─── Input data
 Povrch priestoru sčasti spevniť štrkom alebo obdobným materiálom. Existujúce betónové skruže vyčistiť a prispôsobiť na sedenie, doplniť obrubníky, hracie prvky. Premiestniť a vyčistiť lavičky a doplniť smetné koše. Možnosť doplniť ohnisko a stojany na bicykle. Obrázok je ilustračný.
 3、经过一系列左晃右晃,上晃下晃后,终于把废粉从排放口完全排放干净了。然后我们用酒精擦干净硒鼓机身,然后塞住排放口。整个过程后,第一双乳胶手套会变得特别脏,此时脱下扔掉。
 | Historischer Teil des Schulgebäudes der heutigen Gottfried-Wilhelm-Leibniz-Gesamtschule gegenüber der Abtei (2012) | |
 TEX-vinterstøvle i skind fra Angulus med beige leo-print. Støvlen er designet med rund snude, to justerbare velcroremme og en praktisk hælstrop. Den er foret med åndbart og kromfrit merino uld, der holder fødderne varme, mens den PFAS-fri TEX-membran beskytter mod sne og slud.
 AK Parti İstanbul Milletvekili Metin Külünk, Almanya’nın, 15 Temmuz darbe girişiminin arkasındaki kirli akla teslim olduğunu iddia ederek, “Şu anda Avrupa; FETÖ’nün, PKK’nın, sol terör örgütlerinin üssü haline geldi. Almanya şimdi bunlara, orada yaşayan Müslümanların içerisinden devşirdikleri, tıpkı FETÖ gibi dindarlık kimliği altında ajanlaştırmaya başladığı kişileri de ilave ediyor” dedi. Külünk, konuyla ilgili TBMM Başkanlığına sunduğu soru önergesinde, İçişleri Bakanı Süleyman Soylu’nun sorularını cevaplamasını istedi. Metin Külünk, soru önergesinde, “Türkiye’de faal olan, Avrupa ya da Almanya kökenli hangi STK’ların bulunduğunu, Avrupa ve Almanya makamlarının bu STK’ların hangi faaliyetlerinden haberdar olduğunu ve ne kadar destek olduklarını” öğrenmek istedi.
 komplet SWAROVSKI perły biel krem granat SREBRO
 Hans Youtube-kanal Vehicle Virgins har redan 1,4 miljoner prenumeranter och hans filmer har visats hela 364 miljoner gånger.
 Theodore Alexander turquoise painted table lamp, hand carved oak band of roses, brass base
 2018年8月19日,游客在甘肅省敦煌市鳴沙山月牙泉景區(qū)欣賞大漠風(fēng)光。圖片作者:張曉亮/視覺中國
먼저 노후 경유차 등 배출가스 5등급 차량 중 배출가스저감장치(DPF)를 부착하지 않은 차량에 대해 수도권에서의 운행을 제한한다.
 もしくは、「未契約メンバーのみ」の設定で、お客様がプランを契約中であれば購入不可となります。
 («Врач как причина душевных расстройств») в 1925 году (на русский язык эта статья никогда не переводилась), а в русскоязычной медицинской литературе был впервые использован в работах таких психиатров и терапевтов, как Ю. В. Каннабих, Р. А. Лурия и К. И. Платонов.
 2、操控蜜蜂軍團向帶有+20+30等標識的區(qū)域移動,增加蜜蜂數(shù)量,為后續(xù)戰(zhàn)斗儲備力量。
──────
◆ Assignment
Transcribe exactly, and only, the lines from the one with "もしくは、「未契約メンバーの" through the last line of the data.

◆ Completed task
 もしくは、「未契約メンバーのみ」の設定で、お客様がプランを契約中であれば購入不可となります。
 («Врач как причина душевных расстройств») в 1925 году (на русский язык эта статья никогда не переводилась), а в русскоязычной медицинской литературе был впервые использован в работах таких психиатров и терапевтов, как Ю. В. Каннабих, Р. А. Лурия и К. И. Платонов.
 2、操控蜜蜂軍團向帶有+20+30等標識的區(qū)域移動,增加蜜蜂數(shù)量,為后續(xù)戰(zhàn)斗儲備力量。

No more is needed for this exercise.